**Exercise instructions:** Starting at the line holding "B/w photo printed" and finishing at the line holding "Phần đường dành", transcribe the material exactly, keeping both ends but no pictures.

# # #

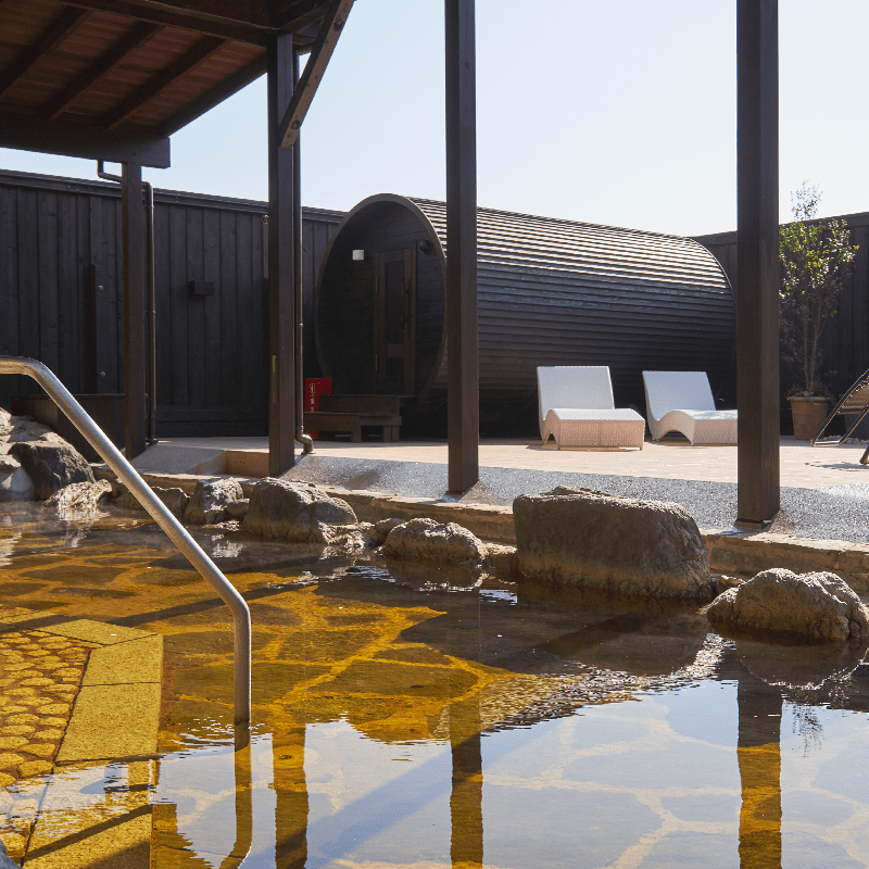 地下1,500メートルから汲みあげる天然温泉の泉質は「含鉄-ナトリウム-塩化物強塩冷鉱泉(高張性・弱アルカリ性・冷鉱泉)」。保温効果が高く、疲労回復への効能はもちろんのこと、弱アルカリ性の泉質でお肌がすべすべになると好評です。男女別の内湯、露天風呂、ドライサウナが完備。さらに新設アイテムとして、セルフロウリュができる「バレルサウナ」が追加されました。
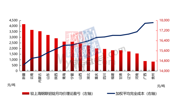 8月電(dian)解鋁(lv)(lv)行(xing)業地區(qu)(qu)(qu)間(jian)成(cheng)本(ben)(ben)差(cha)異(yi)有所縮窄,貴州(zhou)仍然是成(cheng)本(ben)(ben)最(zui)高(gao)的(de)省份。與成(cheng)本(ben)(ben)最(zui)低(di)的(de)新疆相比(bi),成(cheng)本(ben)(ben)差(cha)異(yi)為4842元/噸(dun),受氧(yang)化鋁(lv)(lv)價格上漲影響,成(cheng)本(ben)(ben)兩端差(cha)值(zhi)環比(bi)收(shou)窄160元/噸(dun)。電(dian)力成(cheng)本(ben)(ben)優(you)勢(shi)(shi)地區(qu)(qu)(qu)依(yi)舊(jiu)是電(dian)解鋁(lv)(lv)廠成(cheng)本(ben)(ben)優(you)勢(shi)(shi)最(zui)顯著的(de)地區(qu)(qu)(qu),比(bi)如新疆、云南及內蒙古,而受貨源(yuan)地坑口價變動(dong)不大影響,山東地區(qu)(qu)(qu)自備(bei)氧(yang)化鋁(lv)(lv)產能的(de)冶煉廠在(zai)氧(yang)化鋁(lv)(lv)價格上漲期間(jian)利(li)(li)潤水平也(ye)顯示優(you)勢(shi)(shi);另外、使用風(feng)力發(fa)電(dian)等清(qing)潔(jie)能源(yuan)的(de)寧夏(xia)青海也(ye)維持較高(gao)利(li)(li)潤水平。
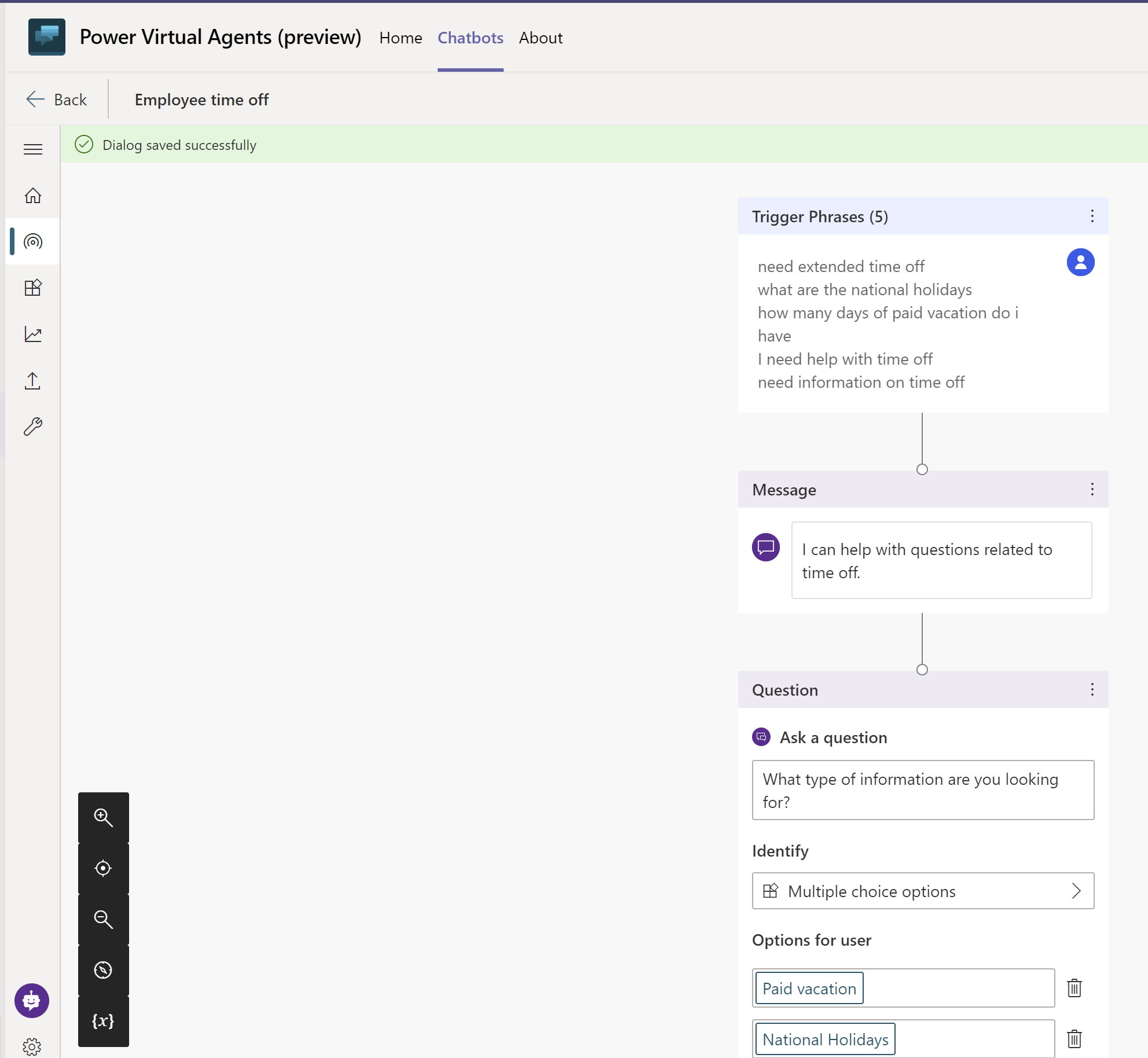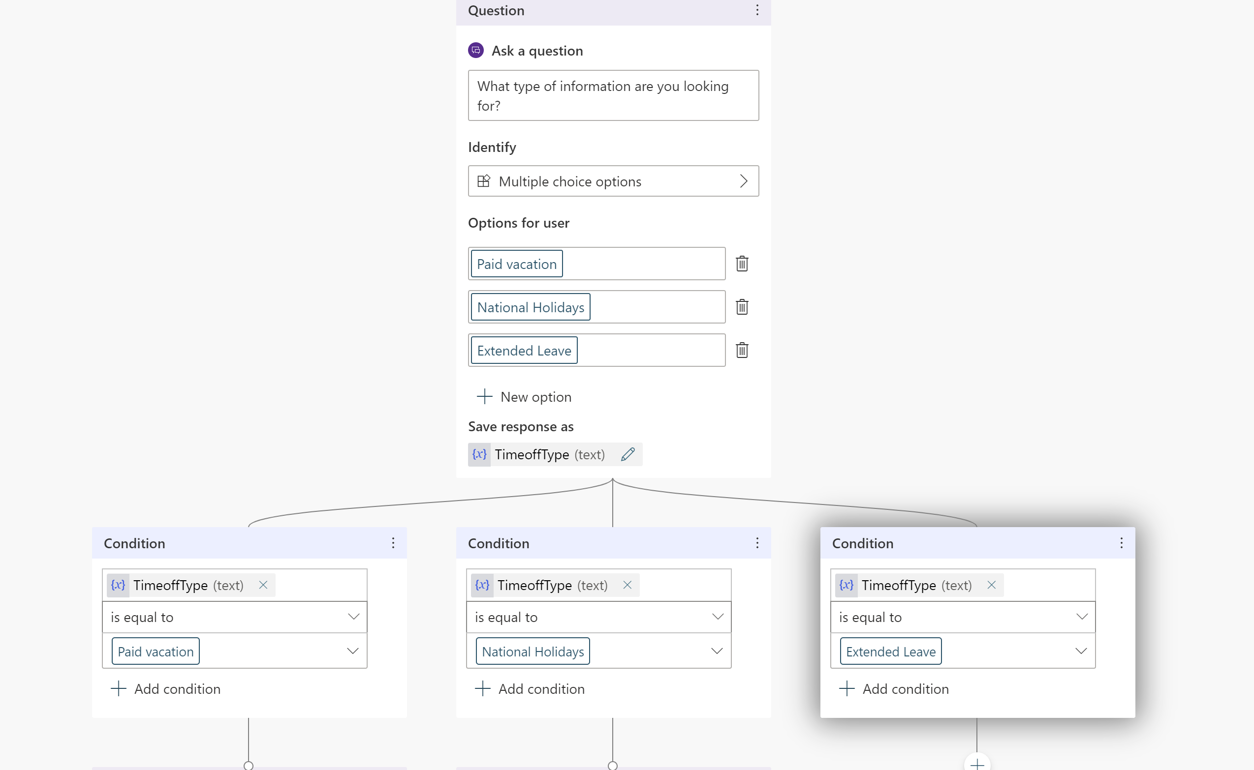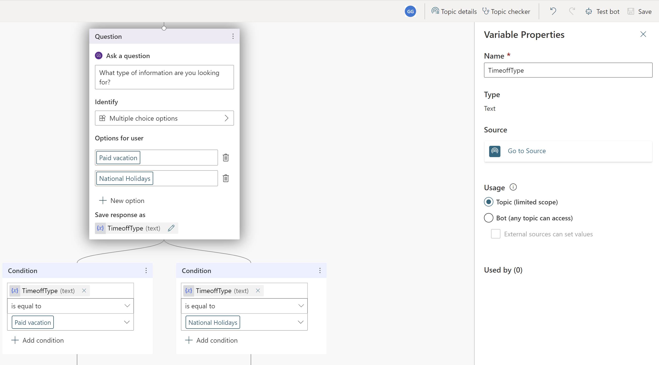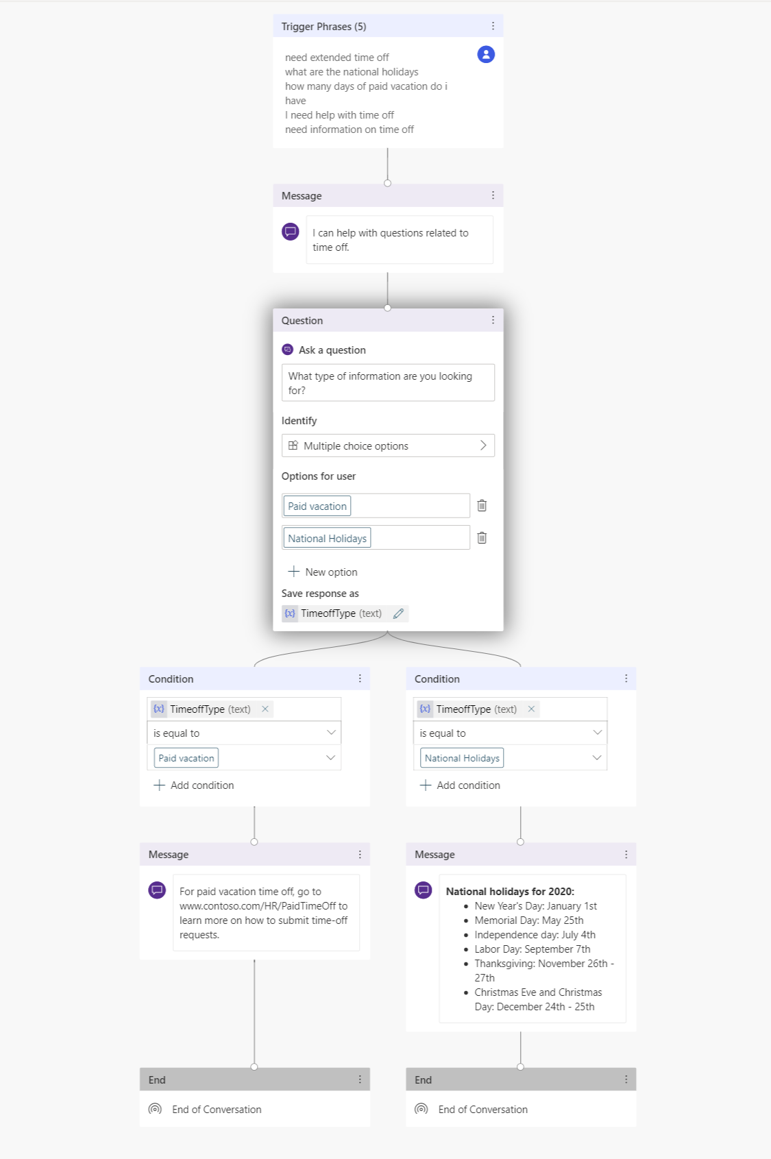 TimeOffType. Luk panelet Variabelegenskaber , så kan du se ændringerne afspejlet på oprettelseslærredet.Du kan tilføje forskellige svar for de enkelte muligheder. I forbindelse med betalt ferie kan chatrotten pege medarbejderne til et internt HR-websted for at slå betalte fridagspolitikker op.
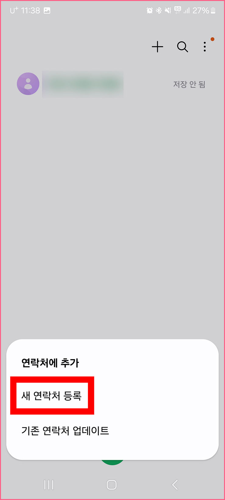 02. 플러스 버튼을 누르면 새 연락처 등록 / 기존 연락처 업데이트가 나옵니다. 우리는 새로운 사람을 등록하는 것이기 때문에 '새 연락처 등록'을 눌러주세요.
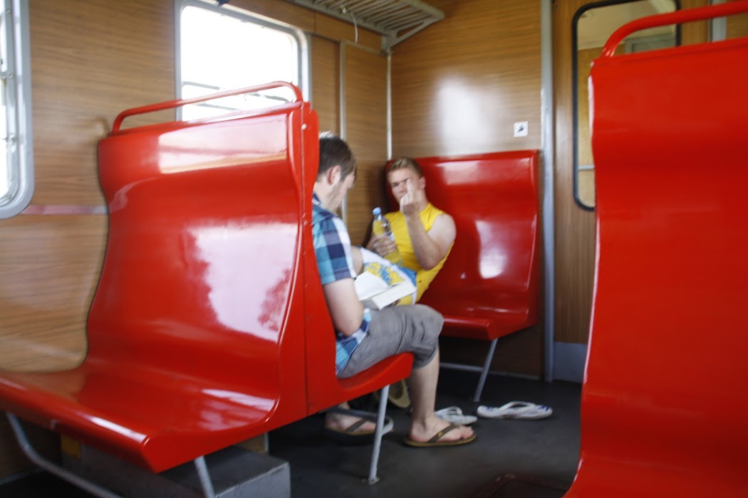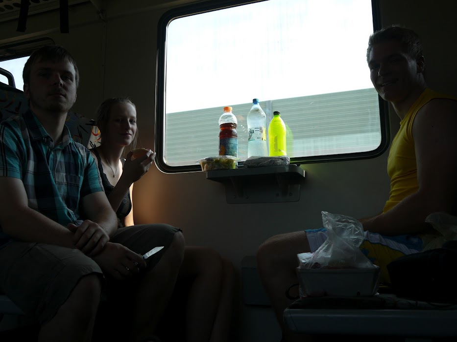 Unser erster Mitreisender des Tages saß bereits im Abteil und wirkte recht amüsiert, als wir vor seinen Augen ein 3/4 Brot, eine Packung Hochland Schmelzkäse und eine halbe Pfeffersalami verspeisten.
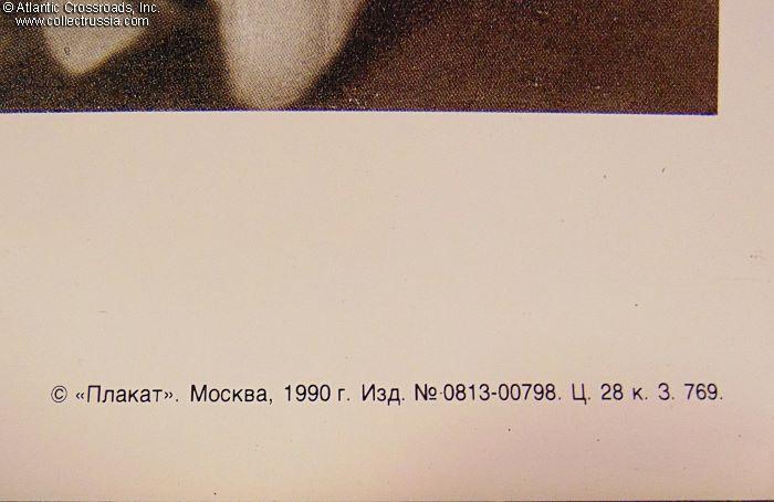 B/w photo printed on glossy high-quality heavy-stock paper. Published by the PLAKAT ("Poster") Publishing House, Moscow, circulation unknown. The image size is 15" x 23 ½", approx. 19" x 27" total with the margins.
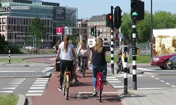 Phần đường dành riêng cho xe đạp và người đi bộ với đèn tín hiệu riêng.
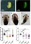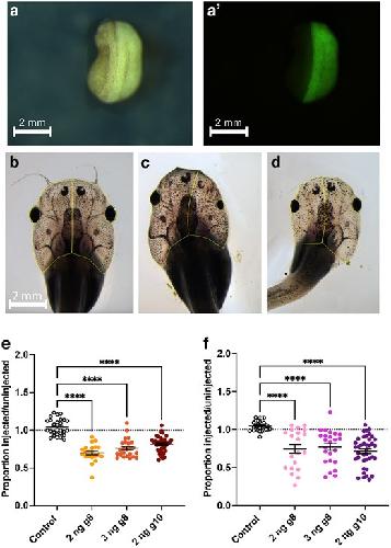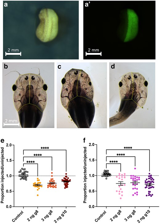 Fig. 2.Unilateral knockdown of recql4 results in smaller head and eye size on the edited side. a) Example of bright field and a′) fluorescence view of neurula embryo, dorsal view, and anterior uppermost. The embryo was injected on the right side at the 2-cell stage, and GFP can be seen only on the right side of the midline. b to d) Examples of tadpoles at 3 wk; outlines show the regions of interest (ROIs) used to measure area of the head and eye on the left and right sides using Fiji. Scale bar in b) applies to all panels. b) Control, injected with GFP mRNA only on the left side. c) Tadpole from the group injected with 2-ng recql4 sgRNA 8 (g8) and nGFP mRNA on the right and d) on the left. e and f) Scatter plots showing the proportions injected vs uninjected head side e) or eye f) area. Line indicates mean ± SEM. Dotted line denotes no difference between the 2 sides. Recql4-injected groups are compared to the control (only injected with GFP mRNA) using Kruskal–Wallis tests with Dunn's post hoc comparisons. Sample sizes are GFP-only controls: N = 28, 2-ng g8; N = 21, 3-ng g8; N = 24, 2-ng g10; and N = 39. Significantly different groups are indicated as ****P < 0.0001. Raw data can be found in Supplementary Tables 1 to 6 in Supplementary File 1. |
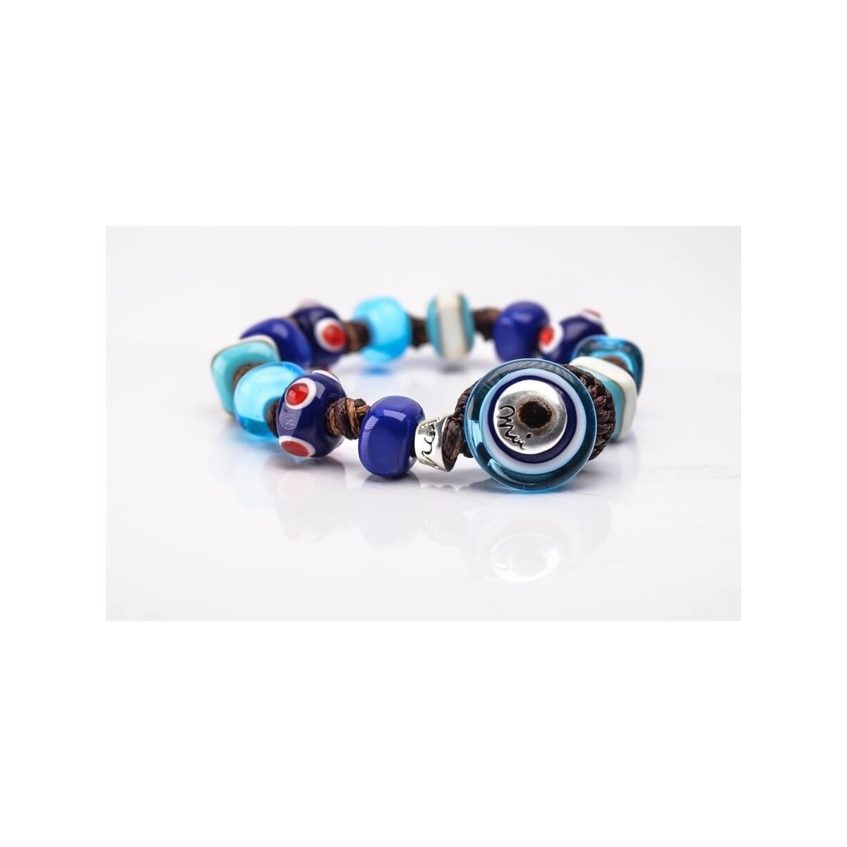 Original Moi men's and women's bracelet with fabric cord and Murano glass beads in shades of blue and red dots, designer Franco Cannarile - Paguro
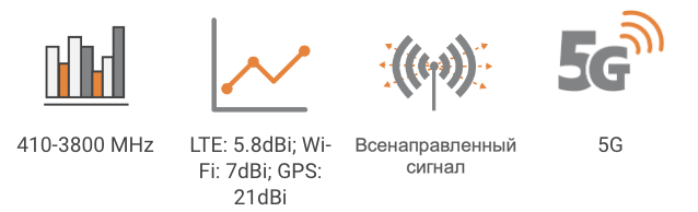 MIMO-3-15 - это высокопроизводительная многочастотная антенна 5 в 1 корпусе, обеспечивающая две сотовые, две Wi-Fi и GPS/ГЛОНАСС антенны. Две сотовые антенны MIMO (для 2G/3G/4G) охватывают современные диапазоны от 617 МГц до 2700 МГц, а также новые появляющиеся спектры LTE и 5G для диапазонов 450 МГц и 3,5 ГГц CBRS, которые становятся популярными среди различных международных операторов сотовых сетей. Сверхширокополосные характеристики антенны позволяют использовать ее для различных решений и готовы к будущим сотовым технологиям вплоть до 3,8 ГГц 5G. Антенна представляет собой две отдельные двухдиапазонные Wi-Fi антенны, обеспечивающие одновременную работу на частотах 2,4 ГГц и 5 ГГц на каждой антенне с возможностью 2×2 MIMO. Пятая антенна представляет собой высокопроизводительную активную систему GPS/ГЛОНАСС, работающую при температуре до -40°C. MIMO-3-15 превосходит характеристики большинства конкурентов благодаря вниманию к конструкции этой высокопроизводительной антенны.

# # #

**Result of the exercise:**
 B/w photo printed on glossy high-quality heavy-stock paper. Published by the PLAKAT ("Poster") Publishing House, Moscow, circulation unknown. The image size is 15" x 23 ½", approx. 19" x 27" total with the margins.
 Phần đường dành riêng cho xe đạp và người đi bộ với đèn tín hiệu riêng.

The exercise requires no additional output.